Task directions: Verbatim copy, images excluded: write out each record shown below.

Records:
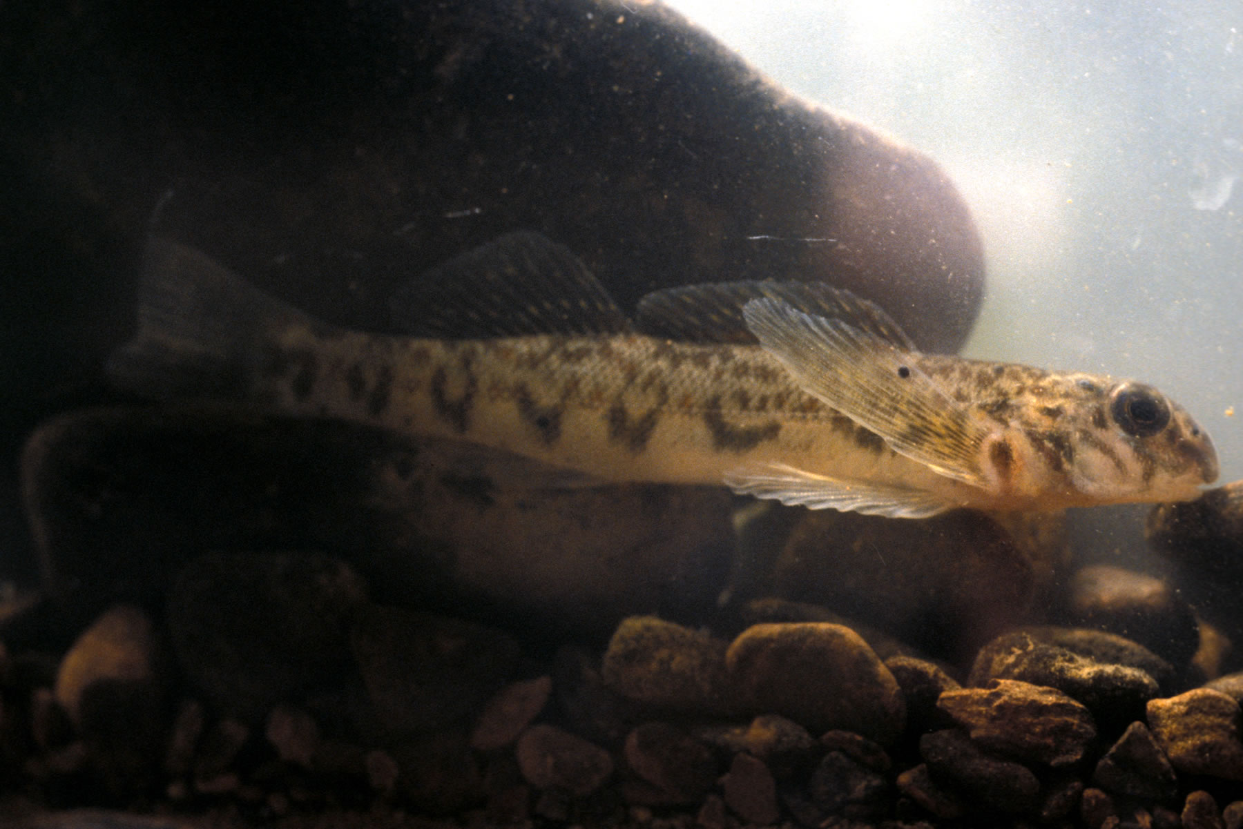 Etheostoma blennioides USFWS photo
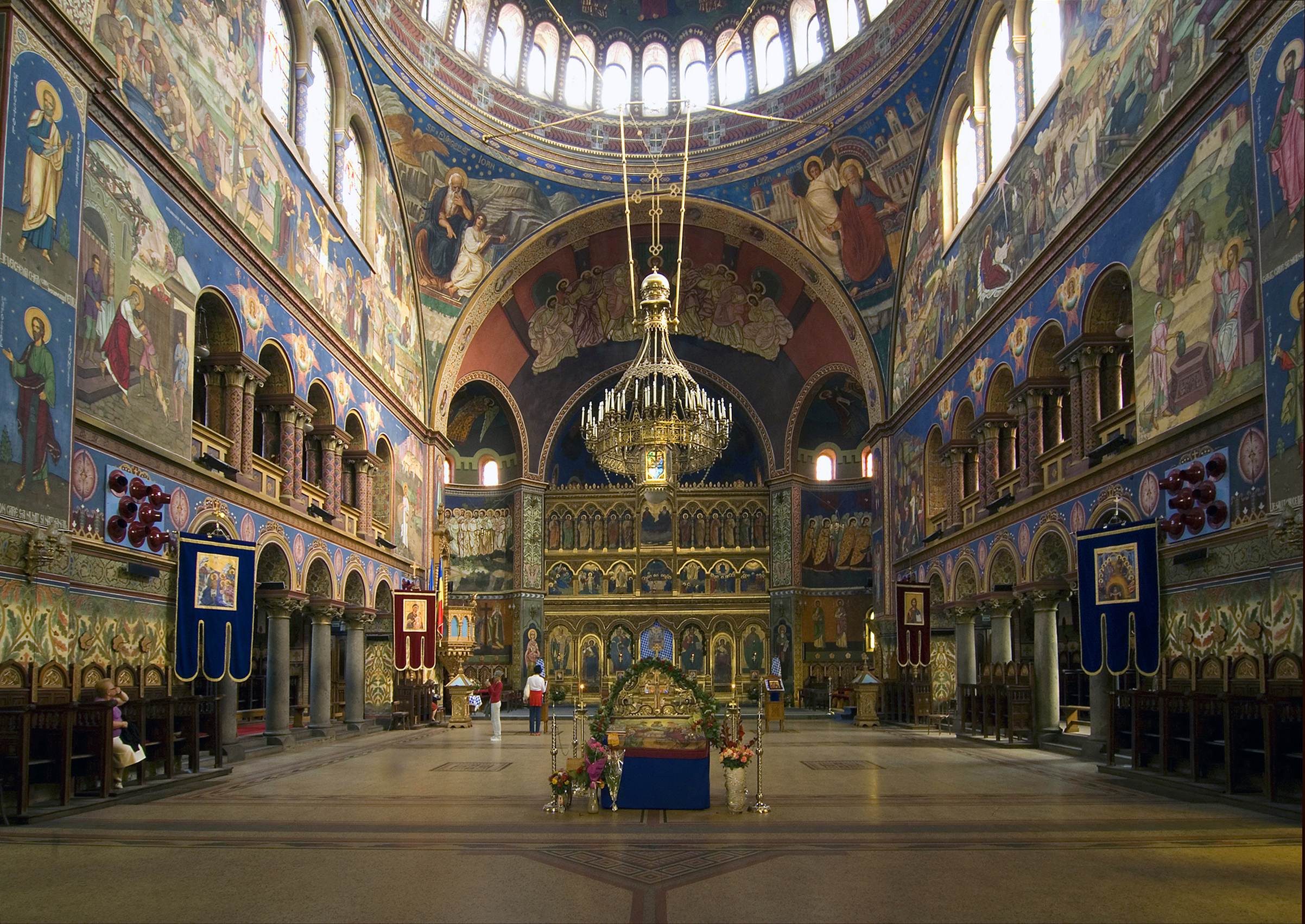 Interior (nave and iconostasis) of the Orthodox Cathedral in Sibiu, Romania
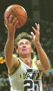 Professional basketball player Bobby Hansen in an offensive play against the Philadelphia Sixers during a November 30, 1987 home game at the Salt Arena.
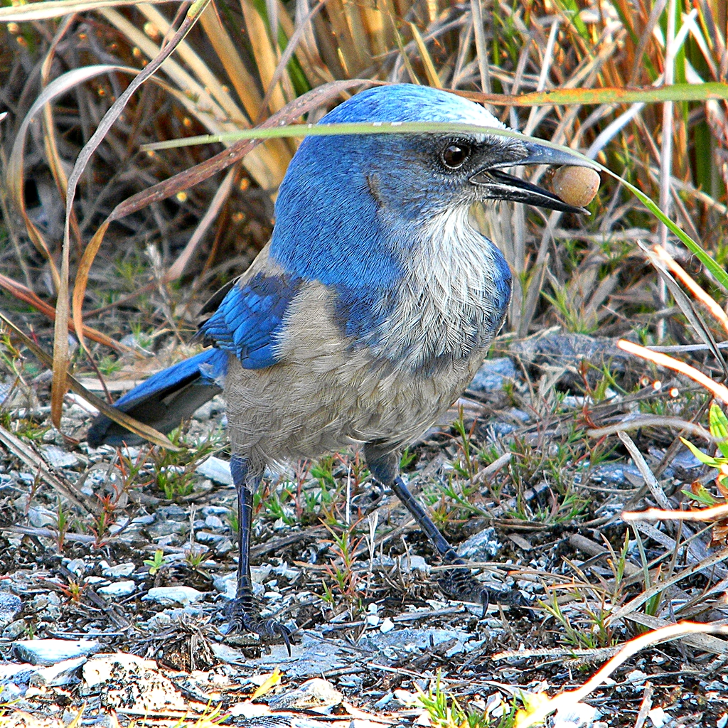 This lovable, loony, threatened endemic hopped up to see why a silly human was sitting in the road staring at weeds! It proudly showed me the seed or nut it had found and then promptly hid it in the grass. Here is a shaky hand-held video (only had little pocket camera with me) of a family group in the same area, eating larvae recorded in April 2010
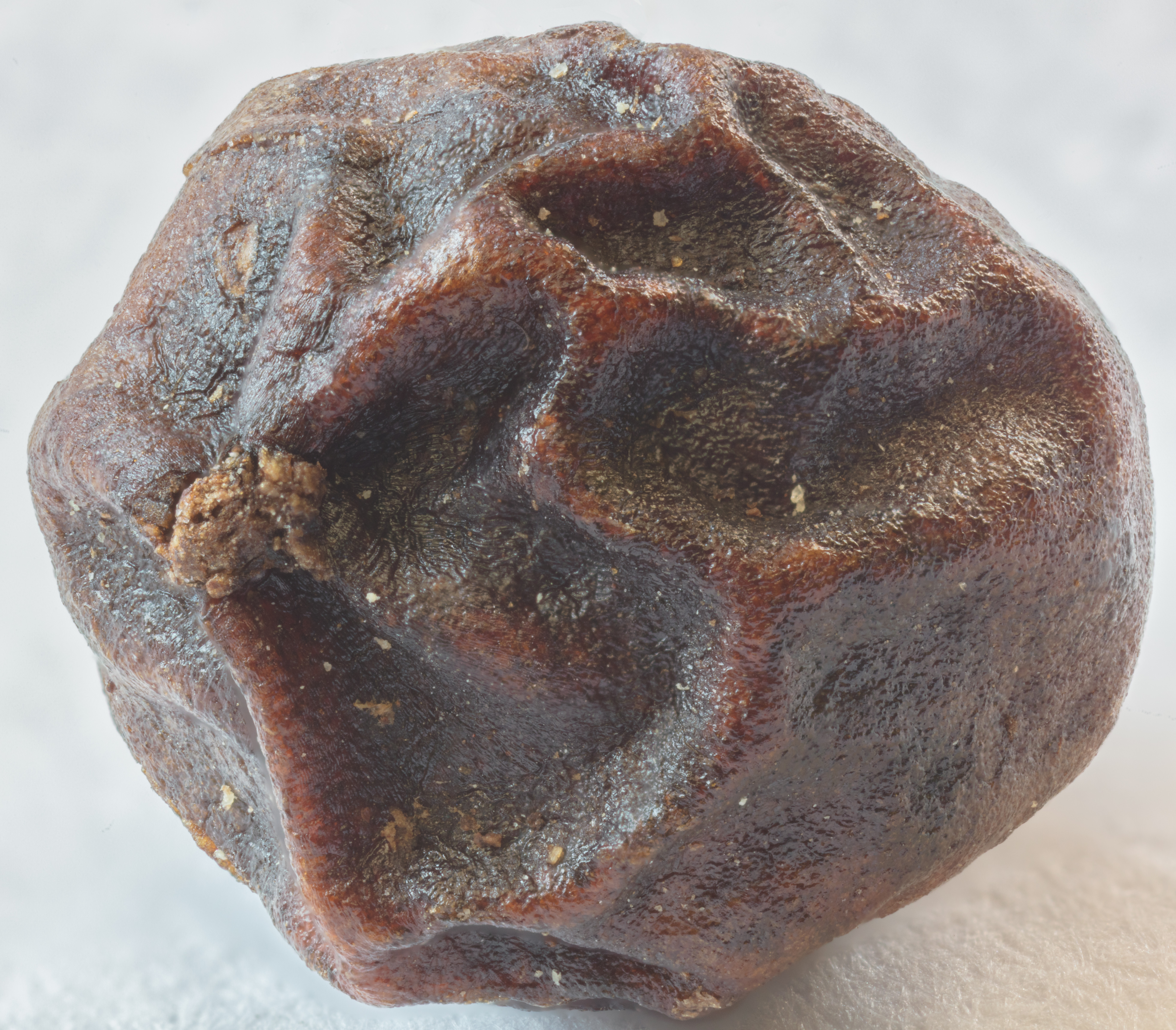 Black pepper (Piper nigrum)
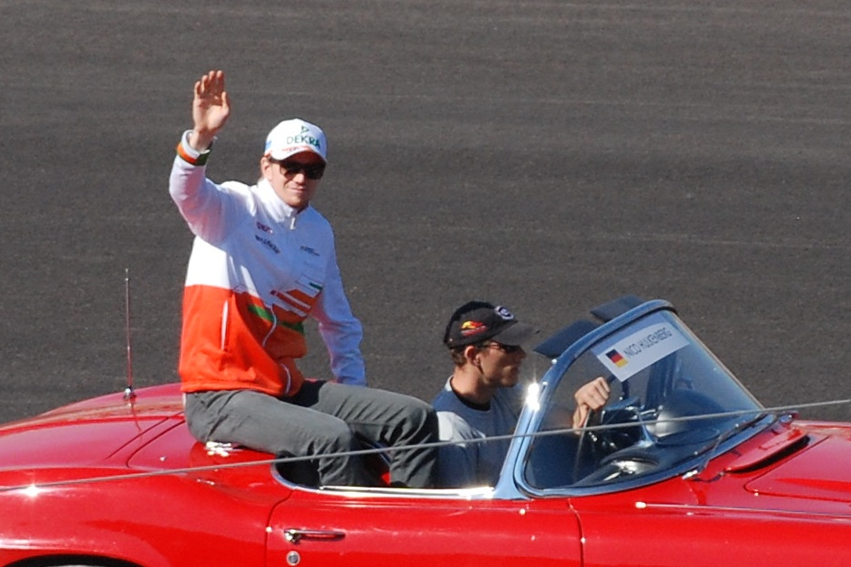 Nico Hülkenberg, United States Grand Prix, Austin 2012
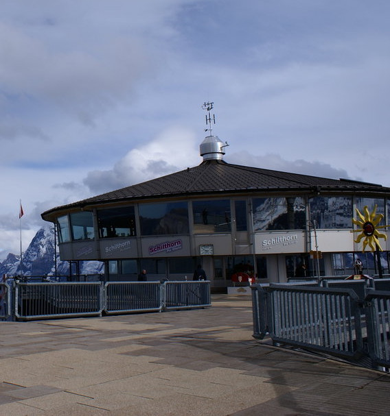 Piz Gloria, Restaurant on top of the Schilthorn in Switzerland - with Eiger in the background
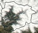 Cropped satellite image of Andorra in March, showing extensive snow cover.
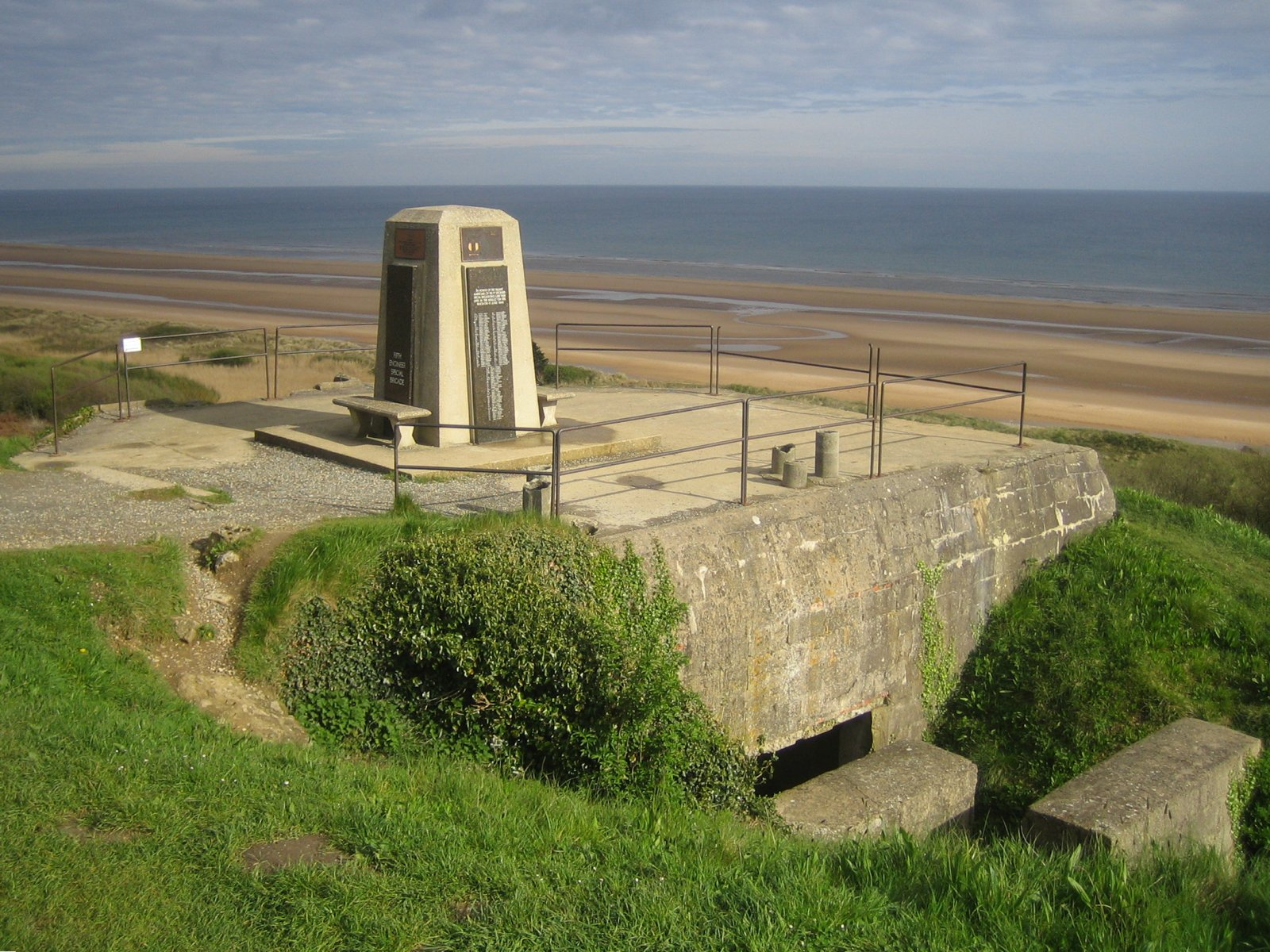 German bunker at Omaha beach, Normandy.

Solution below:
 Etheostoma blennioides USFWS photo
 Interior (nave and iconostasis) of the Orthodox Cathedral in Sibiu, Romania
 Professional basketball player Bobby Hansen in an offensive play against the Philadelphia Sixers during a November 30, 1987 home game at the Salt Arena.
 This lovable, loony, threatened endemic hopped up to see why a silly human was sitting in the road staring at weeds! It proudly showed me the seed or nut it had found and then promptly hid it in the grass. Here is a shaky hand-held video (only had little pocket camera with me) of a family group in the same area, eating larvae recorded in April 2010
 Black pepper (Piper nigrum)
 Nico Hülkenberg, United States Grand Prix, Austin 2012
 Piz Gloria, Restaurant on top of the Schilthorn in Switzerland - with Eiger in the background
 Cropped satellite image of Andorra in March, showing extensive snow cover.
 German bunker at Omaha beach, Normandy.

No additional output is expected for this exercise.